Some argue that these carbon dioxide from air extracting technologies could be the saviors of the fossil fuel industry. Ironically, such future technologies could also eventually lead to the complete extinction of fossil use on this planet if the CO2 taken from the atmosphere is used in combination with hydrogen from water to produce hydrocarbon fuels such as: gasoline, methanol, diesel fuel, jet fuel, and dimethyl ether.

Hydrogen

Because the combustion of hydrogen produces only energy and water, hydrogen via the electrolysis of water through hydroelectric, nuclear, wind, and solar has often been proposed as a replacement for hydrocarbon transportation fuels. Liquid hydrogen fuel has been used in US space craft since the days of the Apollo Moon program. And liquid hydrogen has also been frequently proposed for future generation subsonic and hypersonic airliners and aircraft. Hydrogen fueled buses now transport commuters in many urban areas in the US. And hydrogen automobiles have been demonstrated by many automobile companies around the world .

However, hydrogen automobiles have a substantially shorter range than hydrocarbon fueled vehicles and are a lot less efficient than electric vehicles. Refueling hydrogen vehicles also takes much longer than refueling with gasoline, ethanol, or methanol. Because of the hydrogen embrittlement of metals like steel, hydrogen pipelines are more expensive to maintain than natural gas and oil pipelines. Aircraft, seacraft and ground vehicles, and the infrastructure associated with these vehicles, would also have to be completely replaced if we completely replaced our fuel economy with hydrogen.

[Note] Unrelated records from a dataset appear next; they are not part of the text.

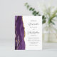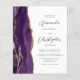 The left-hand edge of this elegant modern wedding invitation features a purple watercolor agate border trimmed with faux gold glitter. The customisable text combines charcoal grey script and sans serif fonts on a white background. The reverse side provides space for wedding details on a solid white background, along with a QR code guests can scan to visit your website and RSVP, which saves the cost of printing and mailing separate RSVP cards.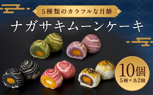 5種類のカラフルな月餅 “ナガサキムーンケーキ” 10個入 月餅 ケーキ スイー...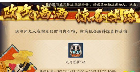 阴阳师抽卡奖励活动:惊喜掉落周期更新,更多奖励敬请期待。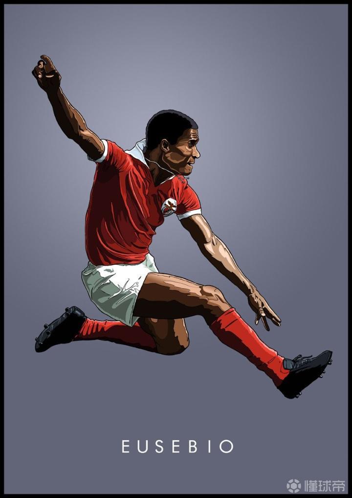 在1964年的欧洲杯赛上,他屡屡以火箭般的射门令人生畏。1962和1966年,尤西比奥两度入围欧洲最佳球员的评比,获银球奖。1968年和1973年,尤西比奥两次成为欧洲最佳射手,获得欧洲金靴。他是非洲大陆的第一位足球明星(原籍是莫桑比克,后加入葡萄牙国籍)。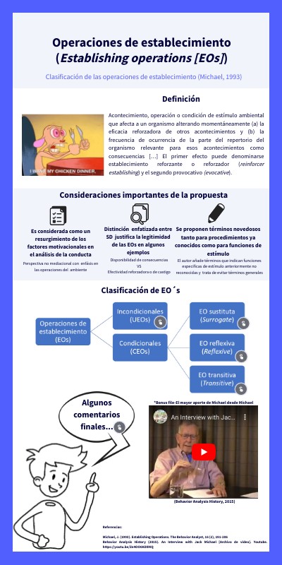 Referencias:Michael, J. (1993). Establishing Operations. The Behavior Analyst, 16 (2), 191-206 Behavior Analysis History (2015). An Interview with Jack Michael [Archivo de video]. Youtube. https://youtu.be/Zn4OO0ADXMQ

Hydrocarbon fuels from CO2 and hydrogen

Alternatively, there are several demonstrated methods for synthesizing hydrocarbon fuels by utilizing carbon dioxide in combination with hydrogen which could allow a country to avoid any major overhaul in its transportation energy infrastructure.

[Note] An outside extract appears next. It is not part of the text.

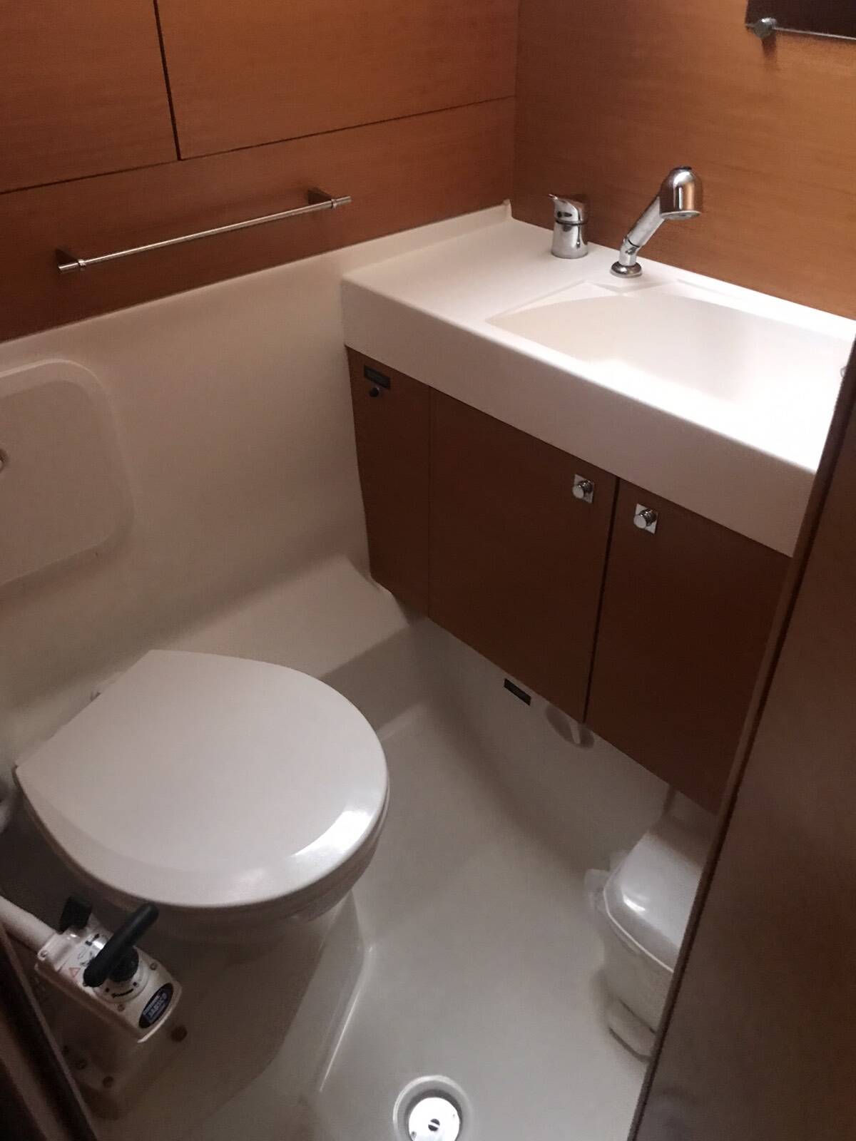 Segelyacht Sun Odyssey 469 Eva, Baujahr 2015, liegt im Volos, Skiathos/Sporades, Volos, Griechenland vor Anker. Es verfügt über 4 Kabinen und bietet Platz für 8 + 2 Personen mit 4 Toiletten. Bettwäsche und Küchenausstattung sind im Preis inbegriffen.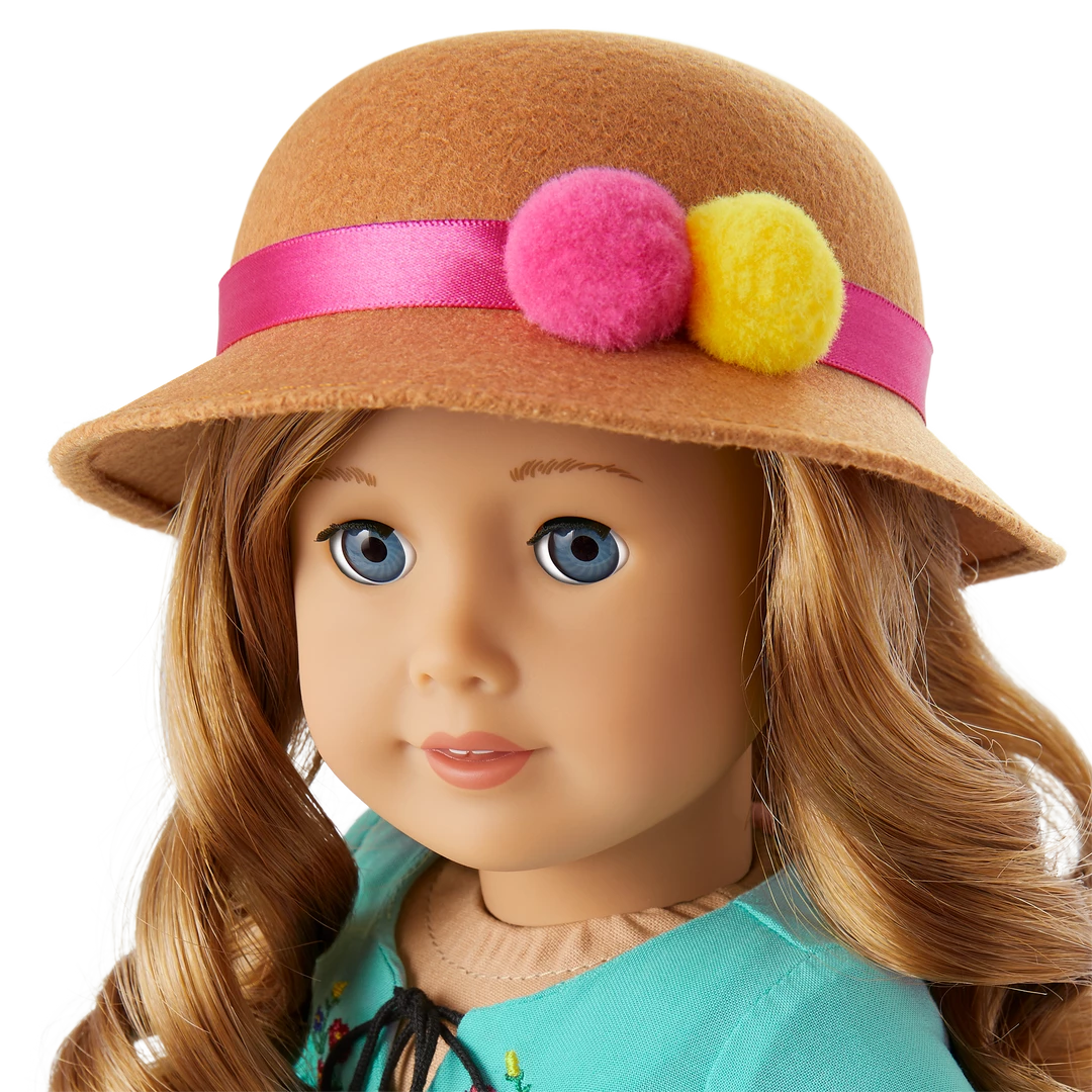 - A felt hat with ribbon trim on the band and two pom-poms on the side

Chemist have known how to produce methanol from hydrogen and carbon dioxide for more than 80 years:

CO2 + 3H2 → CH3OH (methanol) + H2O

Methanol is mostly used as a feedstock for making other chemicals. But methanol can be converted into dimethyl ether (DME), a fuel that can be effectively used in diesel engines equipped with new fuel injection systems. The fact that dimethyl ether produces no black smoke, soot, or sulfur dioxide is an clean advantage it has over diesel fuel.

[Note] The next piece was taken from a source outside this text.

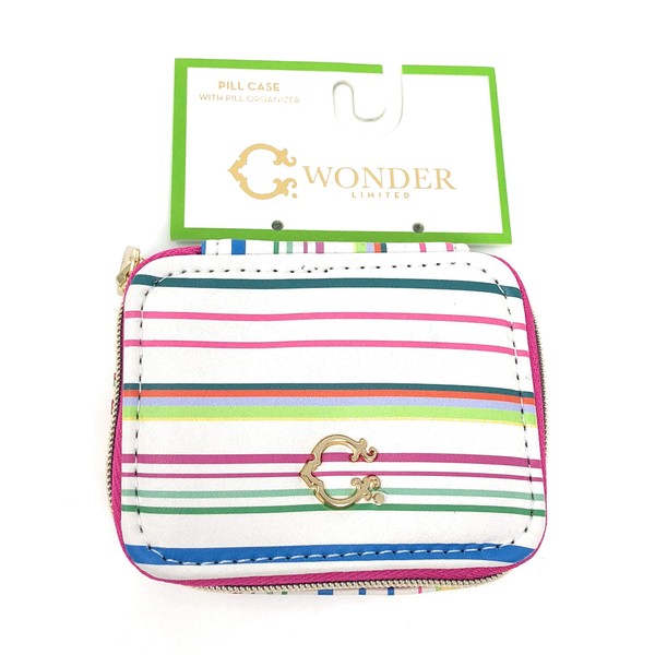 Beautiful pinstriped colorful pill case plus organizer. And close to Whit gold zipper, easy Access to pills. Container for Monday through Sunday plus extra compartment for miscellaneous. Measures 3” x 3 1/2” x 1 1/2”.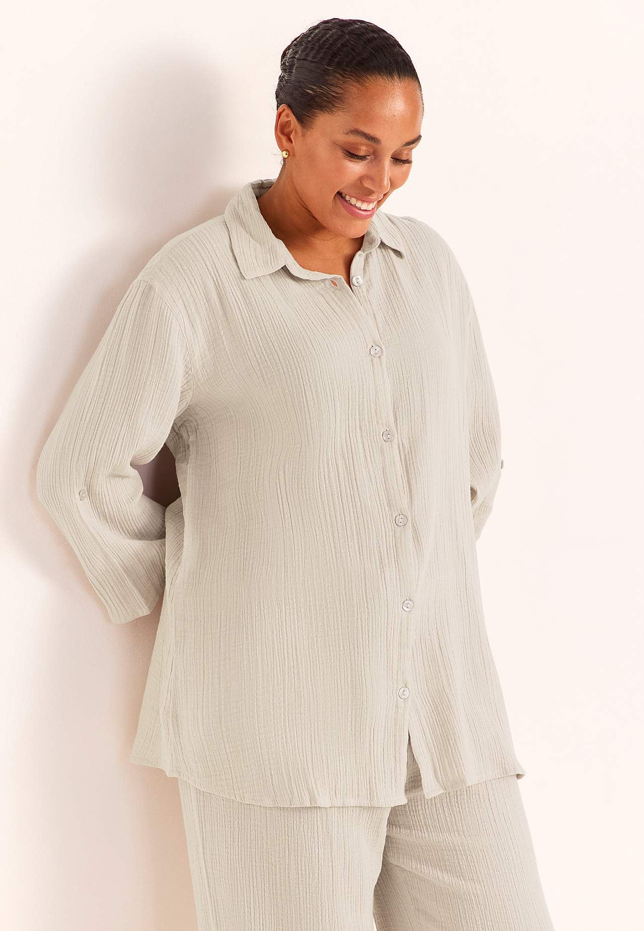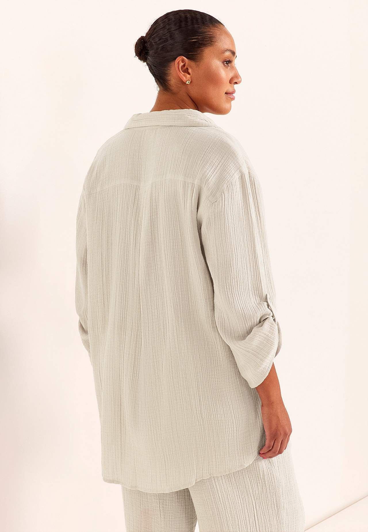 Koszula z przyjemnego i przewiewnego muślinu bawełnianego z naturalną strukturą. Fason z kołnierzem i guzikami. Luźny fason. Tradycyjny kołnierz. Opadające ramię. Zapięcie na guziki. Karczek i stylowa zakładka z tyłu. Rękaw 3/4 z guzikiem z paskiem. Zaokrąglony brzeg nieco dłuższy z tyłu. Długość od ramion w zależności od ... Czytaj więcej

Methanol can also be converted into high octane gasoline via the Mobil Oil methanol to gasoline (MTG) process. Back in the 1980's, the New Zealand government produced 600,000 tonnes of gasoline a year from methanol derived from natural gas using the MTG process.

Methane gas can also be synthesized from hydrogen and carbon dioxide:

CO2 + 4H2 → CH4 (methane) + 2H2O

And methane can also be converted into diesel and jet fuels via Fischer-Tropsch and hydrocracking processes.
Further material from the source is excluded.